(Source material begins)

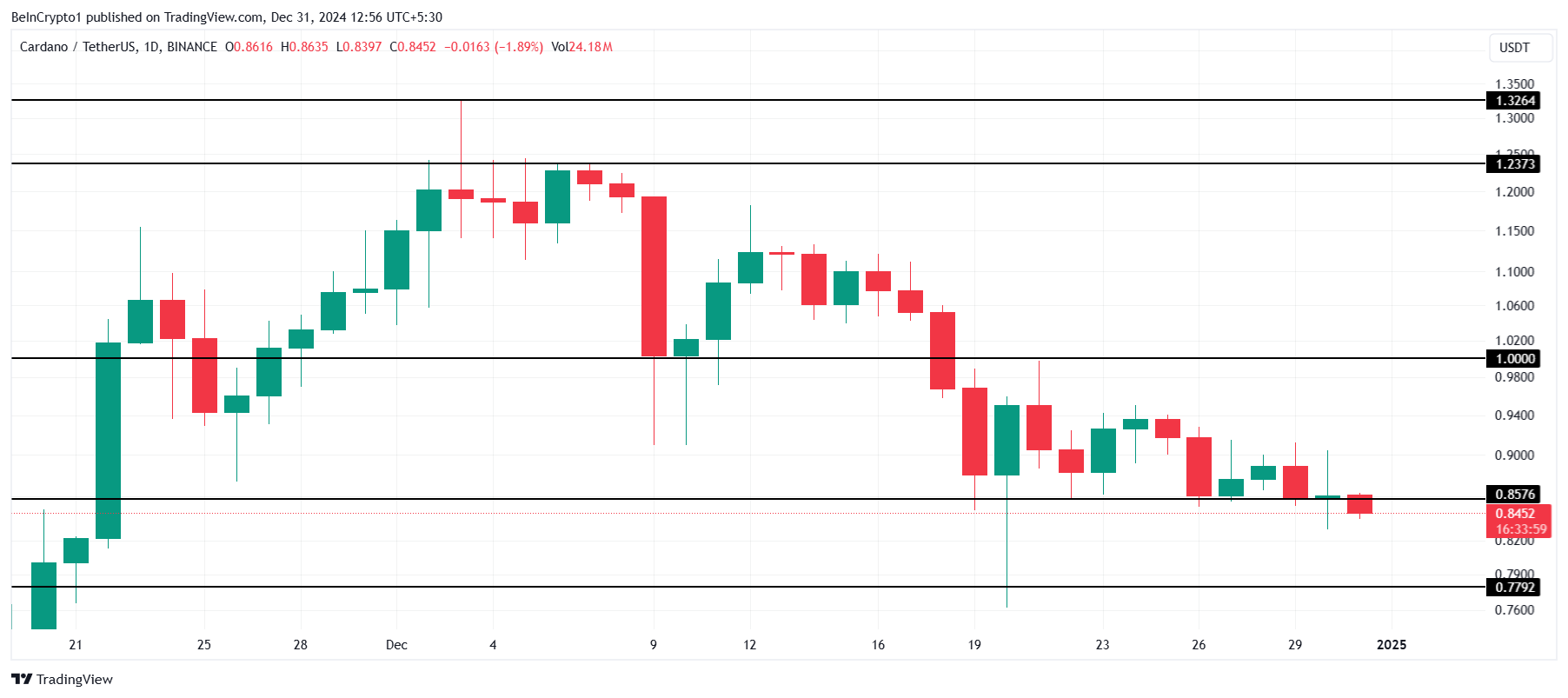 Harga Cardano saat ini sebesar US$0,84 telah turun di bawah level support krusial US$0,85. Meskipun ADA berhasil bertahan di atas level ini dalam beberapa hari terakhir, tekanan baru dalam 24 jam terakhir menyebabkan kerugian lebih lanjut. Penurunan ini menempatkan ADA dalam posisi yang genting.
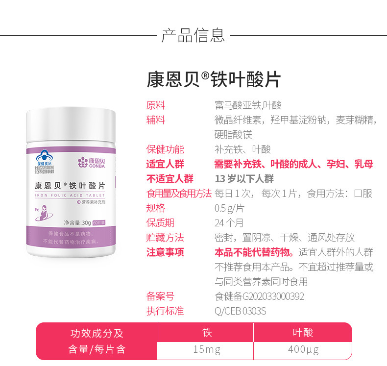 Таблетки фолиевой кислоты железа Conmbe для беременных женщин до беременности ранняя беременность мужчины беременные женщины специализированный уход за здоровьем
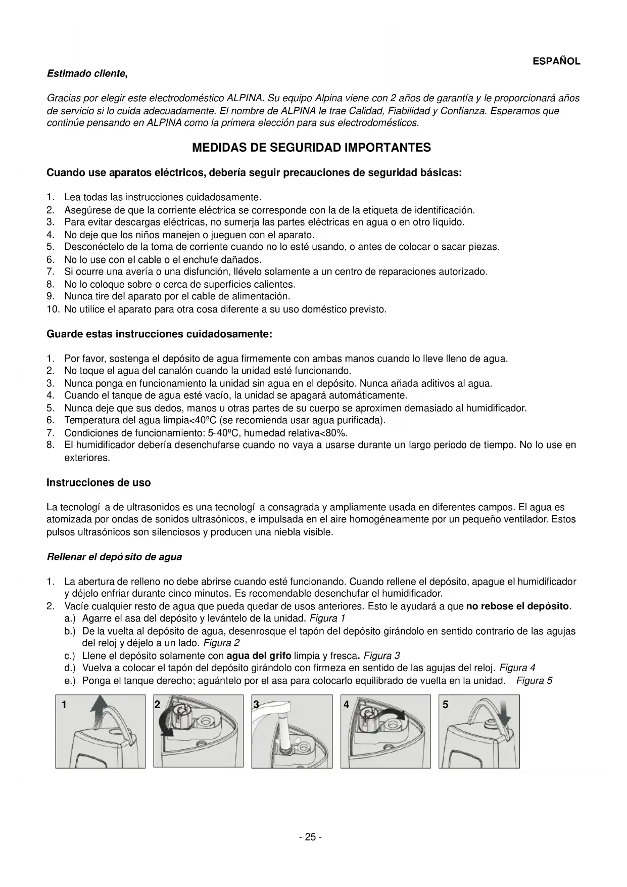 - Nunca ponga en functiomento la unidad sin agua en el deposito. Nunca aada aditivos al agua.
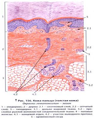 | КОЖА ПАЛЬЦА Окраска гематоксилин-эозином 1 — базальный слой эпидермиса | |
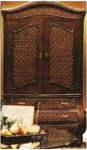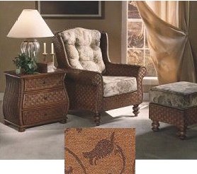 Wingback chair with ottoman and bombe chest and fabric sample |
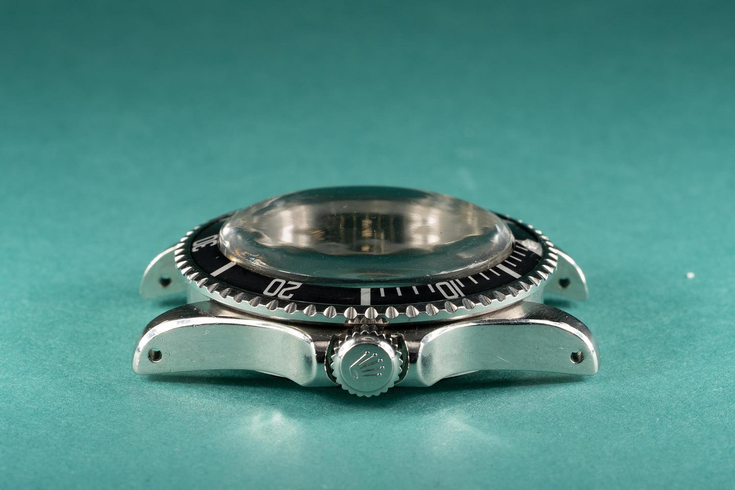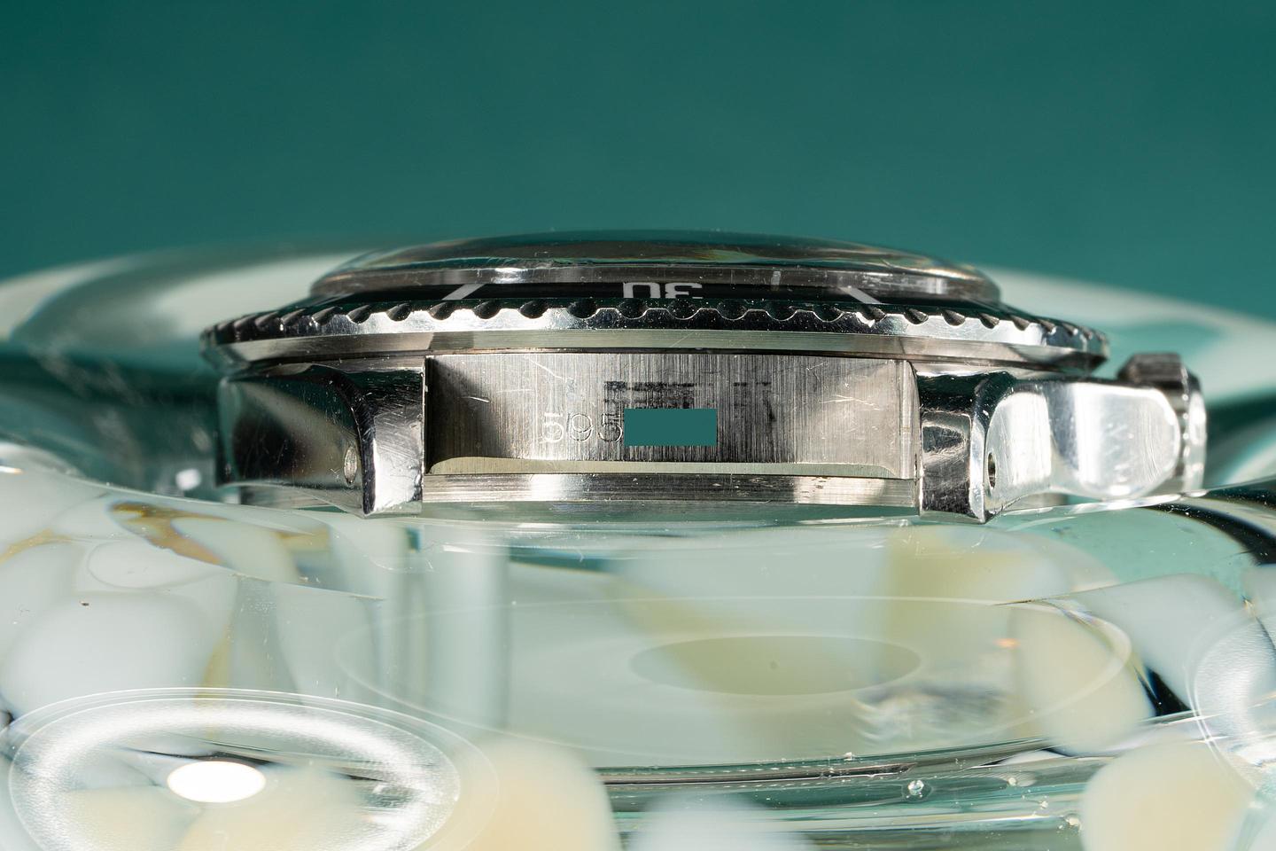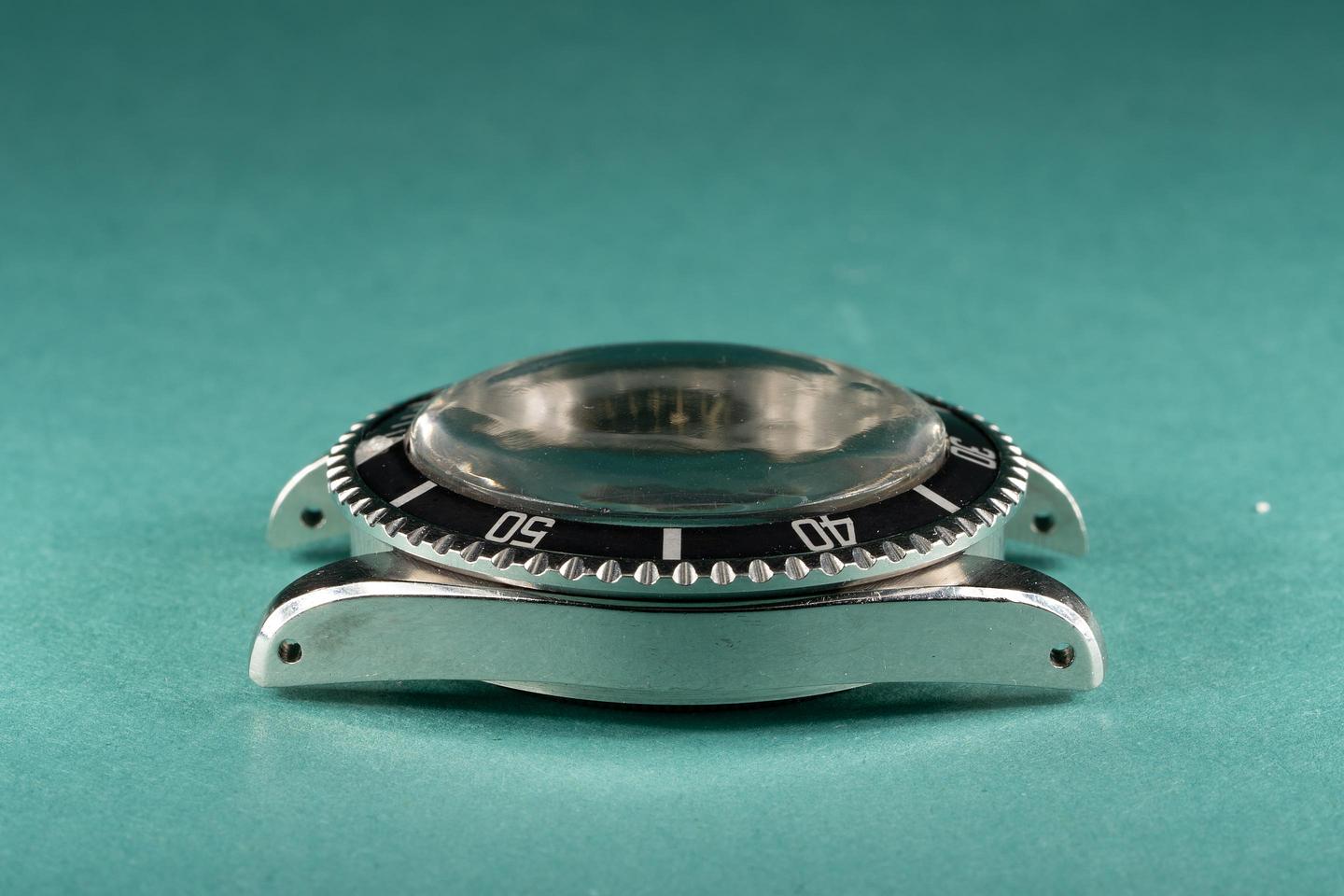 Case: The thick case features thick prominent bevels and has a bright sleeve polished appearance. The black bezel has faded to a dark matte grey tone and shows light wear.

(Source material ends)

Exercise objective: Your task is to set down the records shown above exactly, minus any pictures.

Written response:
 Harga Cardano saat ini sebesar US$0,84 telah turun di bawah level support krusial US$0,85. Meskipun ADA berhasil bertahan di atas level ini dalam beberapa hari terakhir, tekanan baru dalam 24 jam terakhir menyebabkan kerugian lebih lanjut. Penurunan ini menempatkan ADA dalam posisi yang genting.
 Таблетки фолиевой кислоты железа Conmbe для беременных женщин до беременности ранняя беременность мужчины беременные женщины специализированный уход за здоровьем
 - Nunca ponga en functiomento la unidad sin agua en el deposito. Nunca aada aditivos al agua.
 | КОЖА ПАЛЬЦА Окраска гематоксилин-эозином 1 — базальный слой эпидермиса | |
 Wingback chair with ottoman and bombe chest and fabric sample |
 Case: The thick case features thick prominent bevels and has a bright sleeve polished appearance. The black bezel has faded to a dark matte grey tone and shows light wear.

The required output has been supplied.